Vuelvo al blog con un relato que escribí hace ya un tiempo. A pesar de que considero que es más cercano a mi poesía que a mi prosa por su caracter intimista, sigue siendo un texto al que le tengo bastante cariño. Se publicó por primera vez en la antología de relatos Prosadictos y recibió buenas críticas. Espero que os guste.
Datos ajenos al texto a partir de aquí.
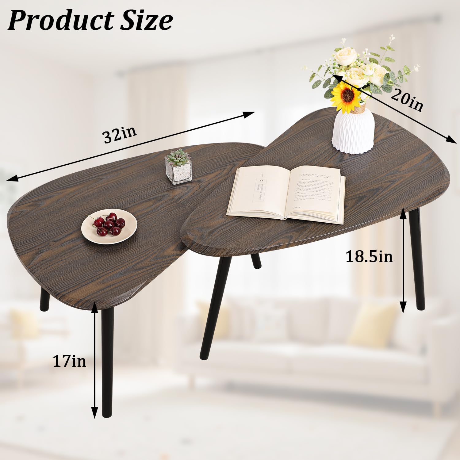 Nesting Coffee Table Set of 2 Side Set Wooden Tables Living Room Bedroom Apartment Modern Industrial Simple Nightstand,Walnut 32" D x 20" W x 18.5" H

Nota: he decidido dividirlo en 2 entradas para que os resulte más cómodo leerlo.
El lugar
adecuado, el momento preciso
1
En apariencia, el destino del tren
que acababa de dejar Barcelona era la ciudad de Alicante; en realidad, caminaba
hacia la muerte de uno de los pasajeros.
Si echáramos un vistazo superficial, aventuraríamos que la
persona condenada es una anciana enjuta de manos temblorosas; o quizás podría
ser un hombre cuarentón, obeso, con aspecto de agente comercial, que no logra
relajarse y no deja de mirar el móvil; o, incluso, una mujer embarazada, una
niña casi, que a los cinco meses de gestación aún tiene los dedos amarillos y
un persistente olor a humo en la ropa. Pero no, nos equivocaríamos. La elegida
es Ana, una mujer cuyos ojos indican cien años en lugar de los treinta y cinco
que tiene, vestida de negro, silenciosa. ¿Y cuál va a ser la causa de su
defunción? ¿Acaso un cáncer oculto que va a revelarse durante el viaje? ¿Una
embolia repentina, un infarto? ¿O un accidente del propio vehículo, cuya única
víctima mortal será ella? Pensamientos lógicos, mas volveríamos a errar. La
causante, la culpable, es una niña, su hija Marta. Todo porque algo o alguien,
desde una altura inconcebible que no distingue dolor de alegría, decidió que la
pequeña emprendiera repentinamente y antes de tiempo el mismo trayecto que su
madre ahora ha elegido para sí misma. Elegir, decidir el momento. Es el lujo
que va a permitirse, la responsabilidad ante la hija muerta.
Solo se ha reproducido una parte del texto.